About session
Case Studies

Simplify Job Search

AI Voice Calling Agent & Interview Screening Platform

AI-Powered Voice Screening Practice, Telephony-Based Calls, Speech-to-Text, Text-to-Speech, Candidate Response Capture, and Interview Readiness Automation

1. Client Context

Simplify Job Search was developed as an AI-powered job application and hiring platform that helps
candidates prepare better applications and helps recruiters manage hiring workflows. This case
study focuses on the AI Voice Calling Agent, a separate module designed to simulate voice-based
screening rounds and improve candidate interview readiness.

Modern hiring increasingly includes phone screening, automated first-round interviews, recruiter
screening calls, and communication-based evaluation. Many candidates may have strong technical
skills but still struggle to explain their profile confidently in a live voice interaction. Simplify Job
Search introduced the AI Voice Calling Agent to help candidates practice realistic screening
conversations before facing real recruiter or HR calls.

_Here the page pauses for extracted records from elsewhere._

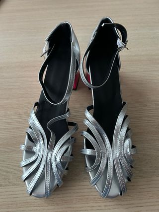 Elegantes zapatos de tacón con un diseño único y llamativo. - Acabado plateado brillante. - Detalle de tacón en color fucsia. - Tira ajustable al tobillo.
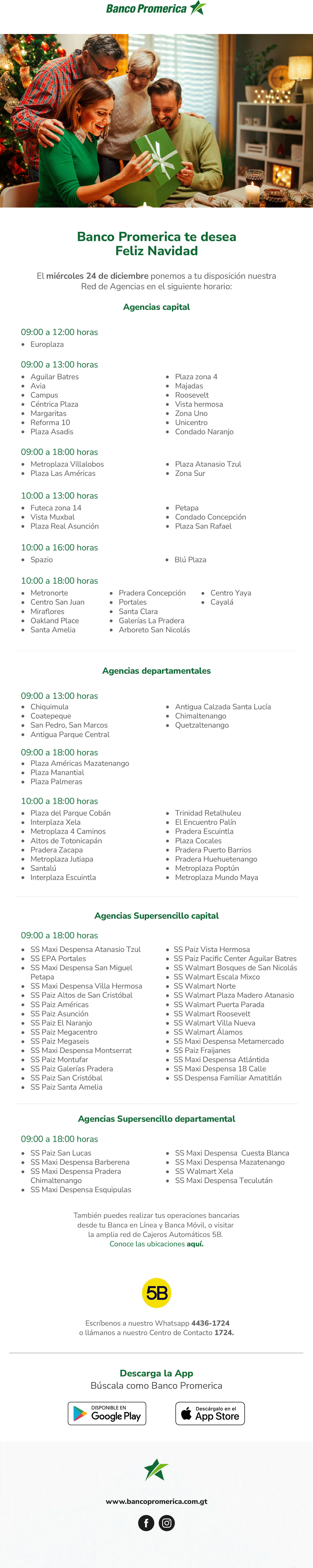 Comunicación horarios navideños 2025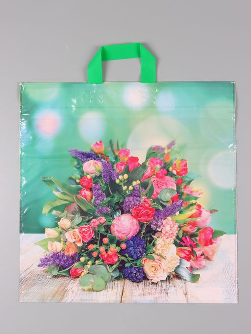 • Цена за 25 шт. Пакет Цветочная композиция, полиэтиленовый с петлевой ручкой, 45?45 + 3 см, 60 мкм

The AI Voice Calling Agent combines telephony, speech-to-text, text-to-speech, AI conversation
generation, response capture, payment unlock, and candidate workflow integration. The module
allows candidates to unlock a voice round, start a practice call, answer role-related and HR-style
questions, and receive an AI-assisted screening experience through a natural phone-call style
workflow.

The system uses Twilio for calling, Deepgram for speech-to-text context, Amazon Polly for voice
output, AI providers such as Azure OpenAI and Vertex AI context for response generation and
conversation orchestration, AWS SQS for asynchronous job queues, worker-based processing for
picking and executing voice jobs, Node.js backend APIs, Angular 17 frontend screens, DynamoDB,
Amazon S3, Razorpay unlock/payment flow, AWS EC2, Docker, Nginx, CloudWatch, and CloudWatch
Agent.

The goal of the module is to create a practical AI screening layer that helps candidates improve
confidence, communication, and interview preparedness while also creating a scalable monetization
opportunity for Simplify Job Search through paid AI voice rounds.

2. Problem

Candidates often prepare resumes and job applications but remain underprepared for the first
screening conversation. The first recruiter or HR call is usually short, fast, and judgment-heavy,
and many candidates lose opportunities because they are unable to communicate their value clearly.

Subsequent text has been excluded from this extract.